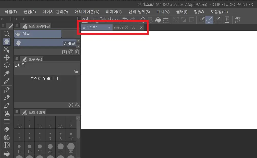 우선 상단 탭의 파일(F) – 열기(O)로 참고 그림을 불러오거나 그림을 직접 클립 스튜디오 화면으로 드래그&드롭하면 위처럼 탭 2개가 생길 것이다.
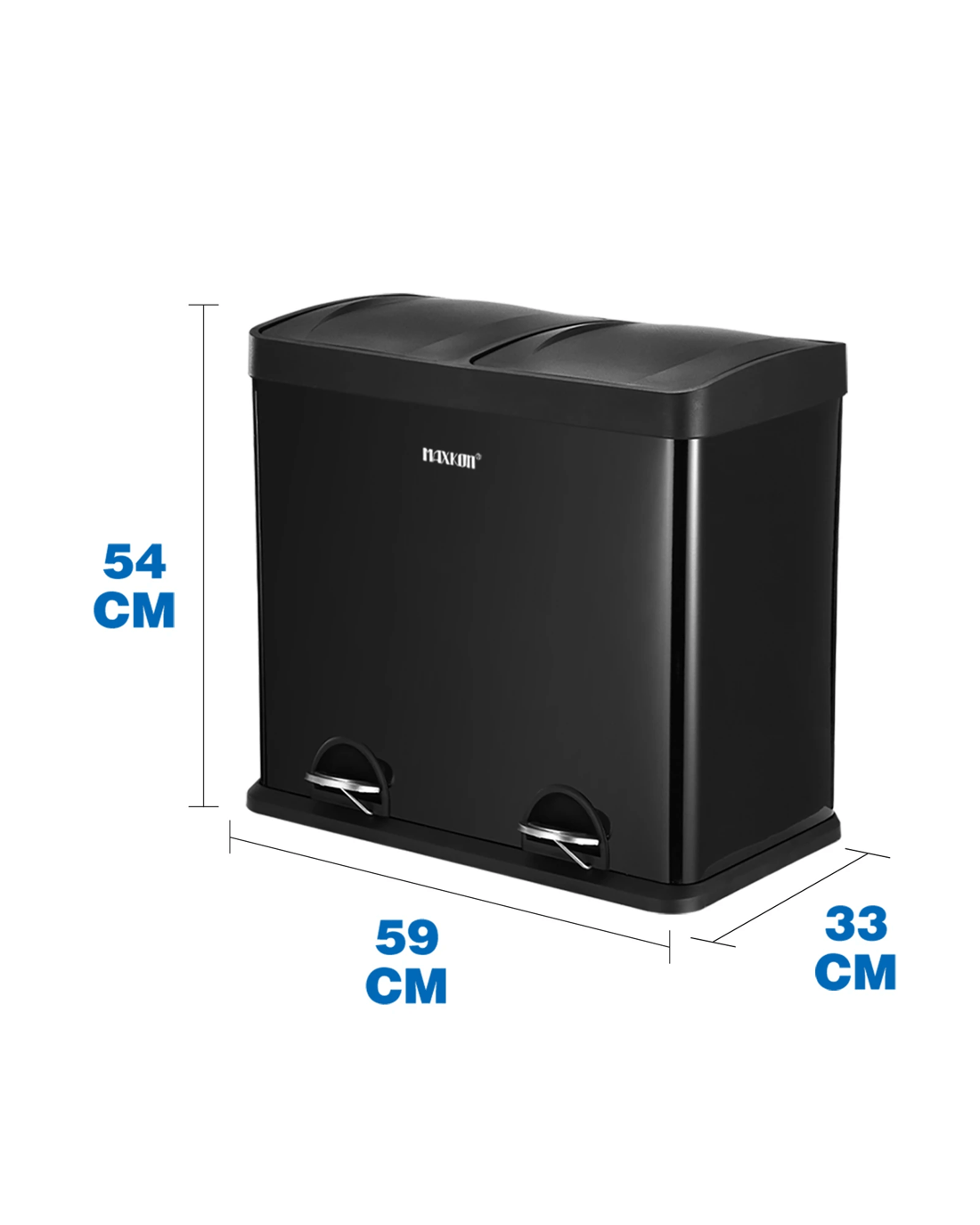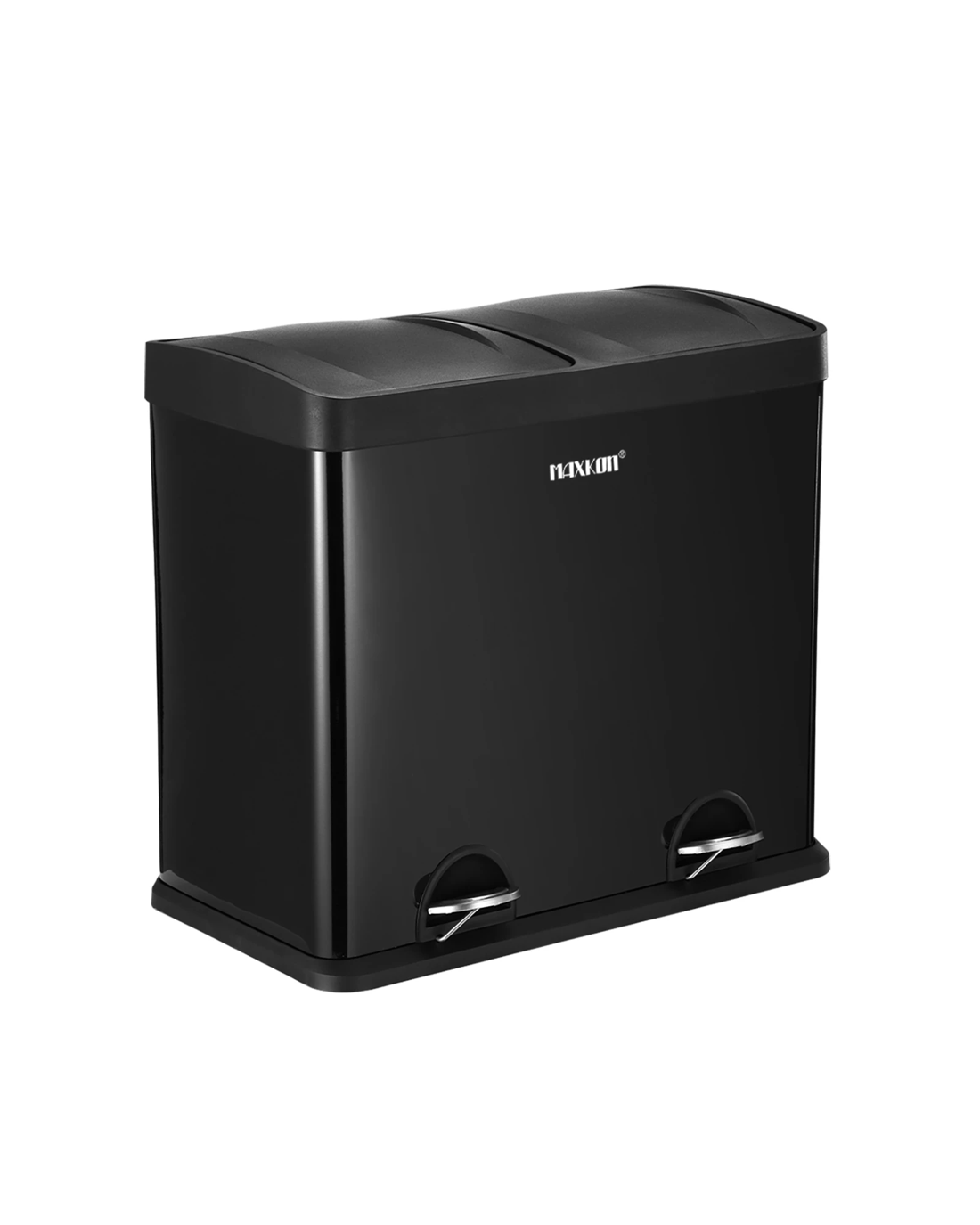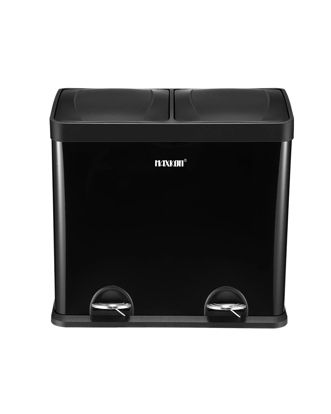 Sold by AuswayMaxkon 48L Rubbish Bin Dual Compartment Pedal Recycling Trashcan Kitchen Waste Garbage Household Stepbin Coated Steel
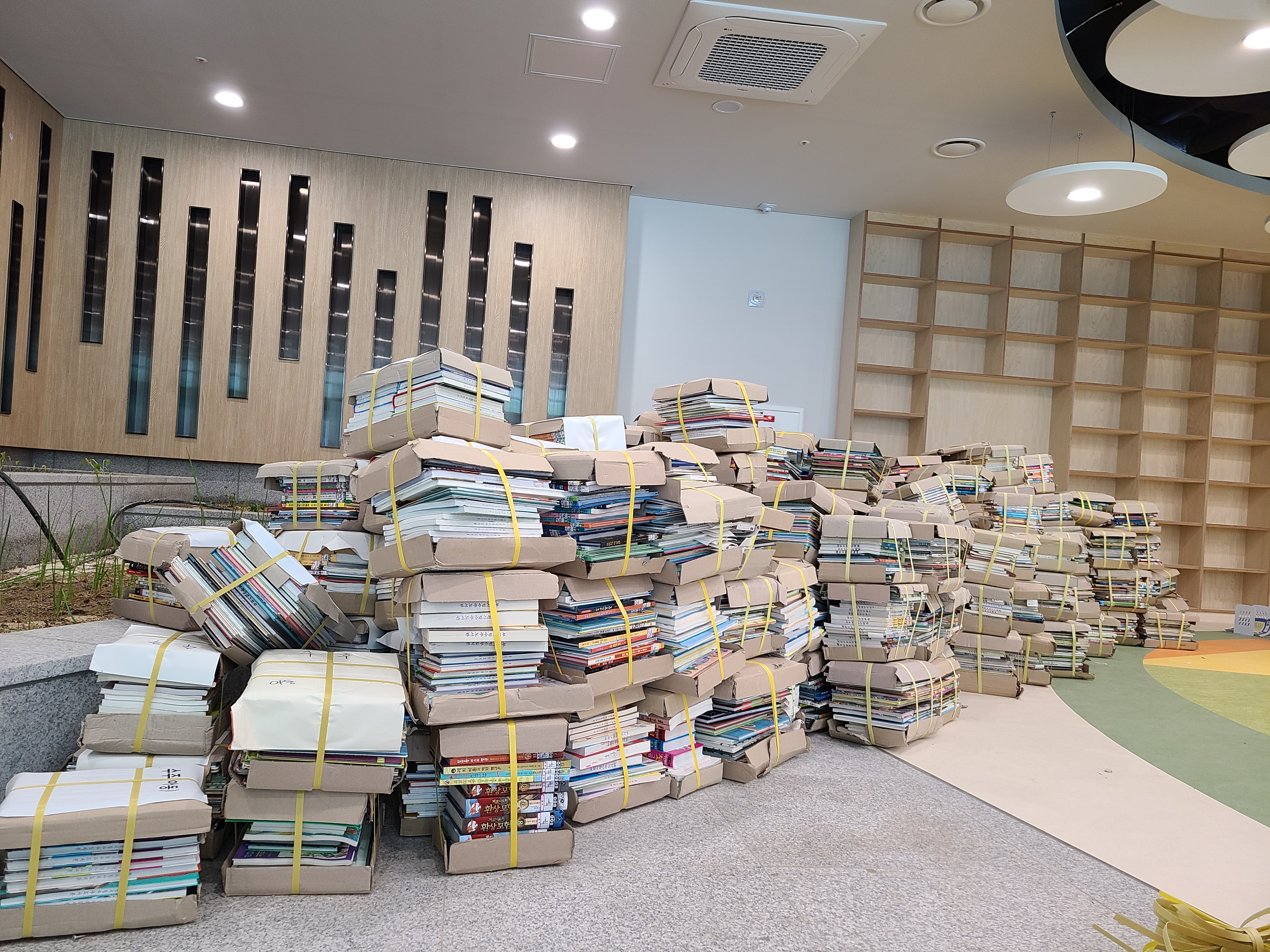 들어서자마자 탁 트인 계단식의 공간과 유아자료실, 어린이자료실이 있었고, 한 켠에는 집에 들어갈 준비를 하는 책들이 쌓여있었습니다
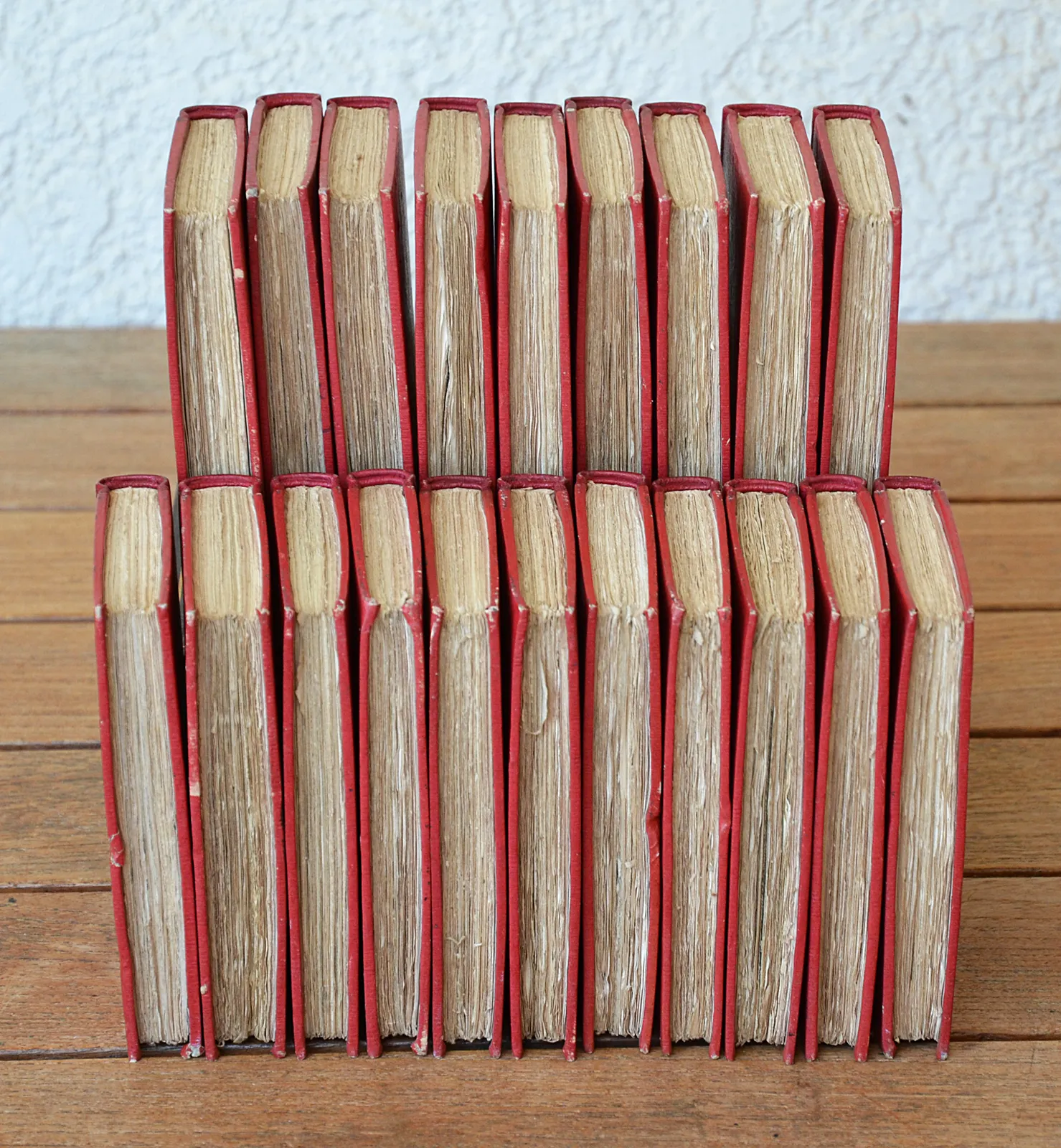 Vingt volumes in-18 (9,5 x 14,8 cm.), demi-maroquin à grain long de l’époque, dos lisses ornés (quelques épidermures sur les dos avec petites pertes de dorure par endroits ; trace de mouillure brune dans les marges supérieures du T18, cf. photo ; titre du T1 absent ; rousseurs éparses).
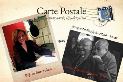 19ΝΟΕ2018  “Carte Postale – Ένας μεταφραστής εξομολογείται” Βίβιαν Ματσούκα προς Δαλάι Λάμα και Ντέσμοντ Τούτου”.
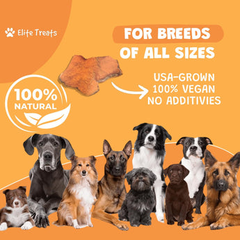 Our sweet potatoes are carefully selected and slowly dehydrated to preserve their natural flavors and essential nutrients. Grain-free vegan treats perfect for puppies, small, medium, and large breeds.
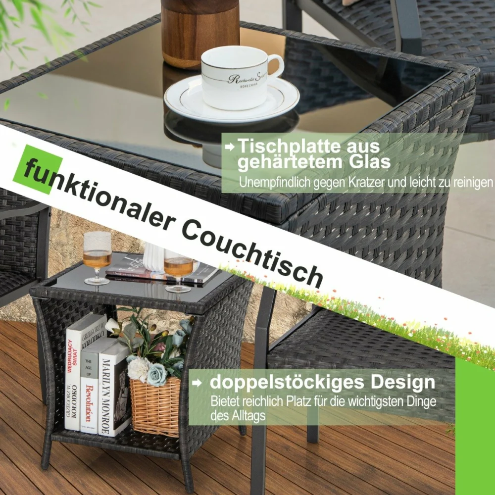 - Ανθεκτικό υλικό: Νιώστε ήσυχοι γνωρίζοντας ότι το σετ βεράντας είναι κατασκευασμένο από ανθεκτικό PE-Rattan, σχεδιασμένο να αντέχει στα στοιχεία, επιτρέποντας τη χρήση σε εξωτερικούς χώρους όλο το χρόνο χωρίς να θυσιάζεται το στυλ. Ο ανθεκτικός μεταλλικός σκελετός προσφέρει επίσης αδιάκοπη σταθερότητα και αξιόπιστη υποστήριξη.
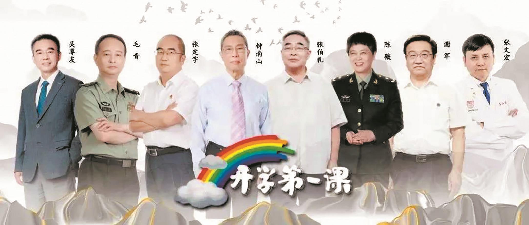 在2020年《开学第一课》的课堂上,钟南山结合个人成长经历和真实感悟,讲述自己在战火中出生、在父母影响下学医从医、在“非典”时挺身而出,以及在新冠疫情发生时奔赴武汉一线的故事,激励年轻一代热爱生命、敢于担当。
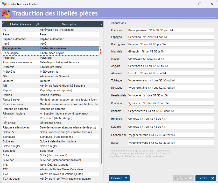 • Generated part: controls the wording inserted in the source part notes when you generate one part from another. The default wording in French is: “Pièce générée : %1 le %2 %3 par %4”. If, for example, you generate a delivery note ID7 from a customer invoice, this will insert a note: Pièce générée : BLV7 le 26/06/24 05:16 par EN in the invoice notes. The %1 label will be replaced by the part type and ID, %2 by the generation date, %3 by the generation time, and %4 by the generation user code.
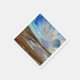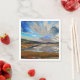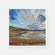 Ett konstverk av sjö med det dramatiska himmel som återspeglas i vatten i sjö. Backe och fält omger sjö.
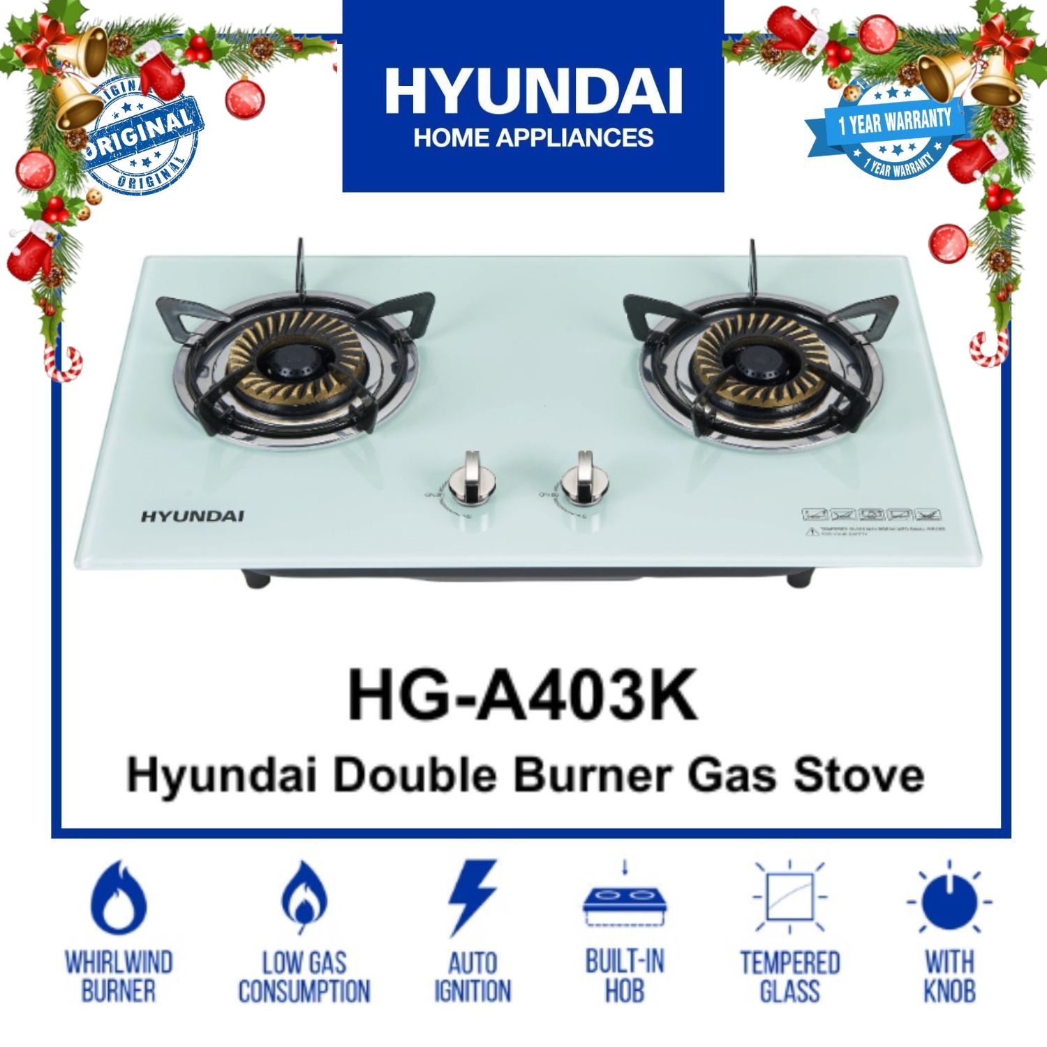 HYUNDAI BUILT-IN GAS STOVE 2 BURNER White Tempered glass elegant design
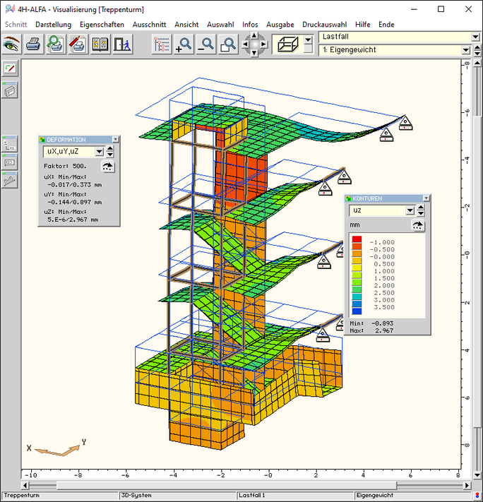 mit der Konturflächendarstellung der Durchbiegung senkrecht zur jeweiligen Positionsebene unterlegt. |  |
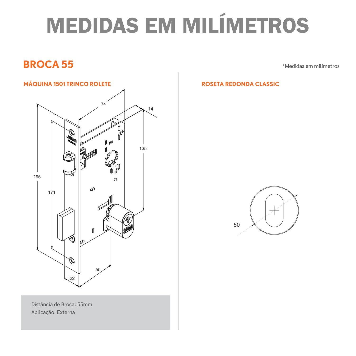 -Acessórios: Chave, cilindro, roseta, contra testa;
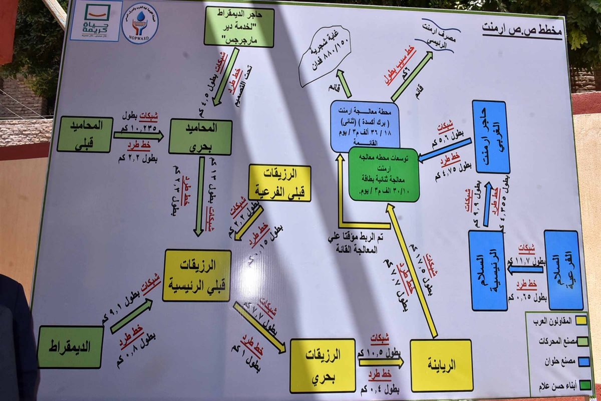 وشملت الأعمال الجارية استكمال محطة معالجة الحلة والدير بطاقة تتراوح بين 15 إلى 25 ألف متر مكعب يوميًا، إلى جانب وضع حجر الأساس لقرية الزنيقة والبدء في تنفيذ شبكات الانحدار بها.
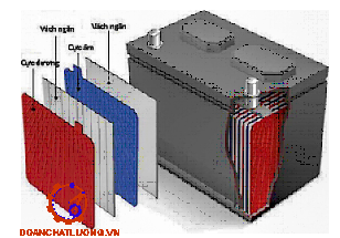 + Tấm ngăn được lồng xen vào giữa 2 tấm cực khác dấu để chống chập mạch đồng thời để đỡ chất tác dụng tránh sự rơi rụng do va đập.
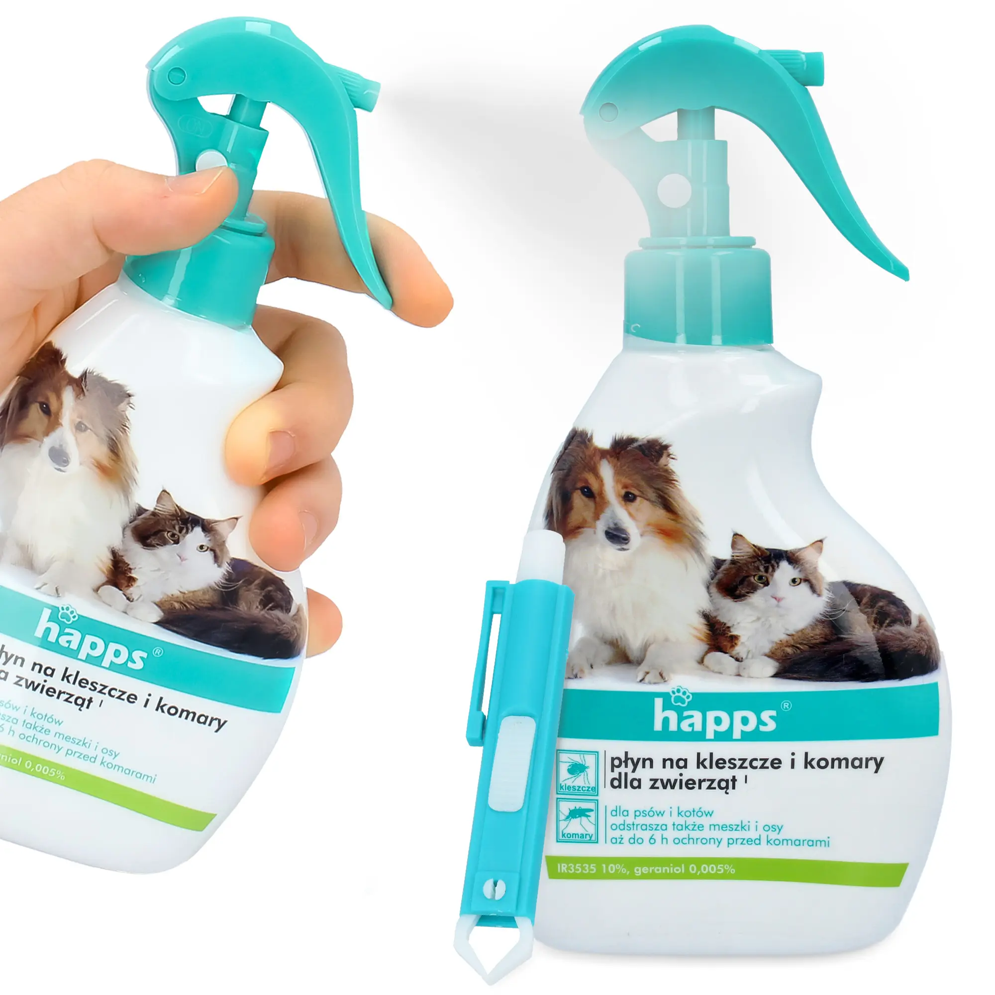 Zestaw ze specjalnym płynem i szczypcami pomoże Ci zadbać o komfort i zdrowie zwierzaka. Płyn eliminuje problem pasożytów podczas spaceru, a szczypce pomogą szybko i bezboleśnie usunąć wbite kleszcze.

Your assignment | The lines from the beginning of the listing above through the line holding "들어서자마자 탁 트인" are to be duplicated exactly, and the pictures omitted.

Output |
 우선 상단 탭의 파일(F) – 열기(O)로 참고 그림을 불러오거나 그림을 직접 클립 스튜디오 화면으로 드래그&드롭하면 위처럼 탭 2개가 생길 것이다.
 Sold by AuswayMaxkon 48L Rubbish Bin Dual Compartment Pedal Recycling Trashcan Kitchen Waste Garbage Household Stepbin Coated Steel
 들어서자마자 탁 트인 계단식의 공간과 유아자료실, 어린이자료실이 있었고, 한 켠에는 집에 들어갈 준비를 하는 책들이 쌓여있었습니다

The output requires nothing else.